# Buxom



## Stoggler

Trying to find the Dutch equivalent to this word.  In English, it has positive connotations; my Dutch dictionary offers a translation of "mollig".  Would this be an adequate translation of "buxom" - does it offer a meaning that is not negative?

Thanks


----------



## Brownpaperbag

Hi

_Mollig_ might be regarded by some as negative.

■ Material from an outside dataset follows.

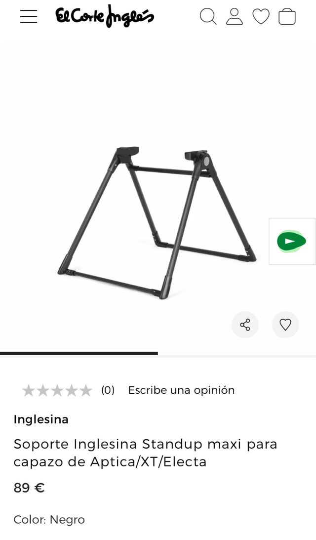 Soporte para capazo de la marca Inglesina, modelo Standup maxi. - Color: Negro. - Compatible con modelos Aptica/XT/Electa.

I think _volslank_ may be an option.

Brown


----------



## Suehil

I think 'weelderig' might be nearer.  'Buxom' is always used for females and includes the presence of big breasts.


----------



## Lopes

What about "voluptueus"?


----------



## Joannes

I thought of *rondborstig*, pretty explicit but not usually negative, and *rubensiaans*, a little arty farty I guess, but a great euphemism.

I think *mollig* is 'chubby' without negative connotation (because it's mainly used with kids, I suppose) and *volslank* is often just a euphemism for 'fat'. I think *weelderig* and *voluptueus* would be words fans of such women would rather use.

Up to Stoggler which fits the context best.


----------



## Stoggler

Oops, I'd forgotten I'd asked this question a couple of days ago.  

Thanks for the responses and suggestions.  I have my weekely Dutch lesson this evening, I might bring it up!


----------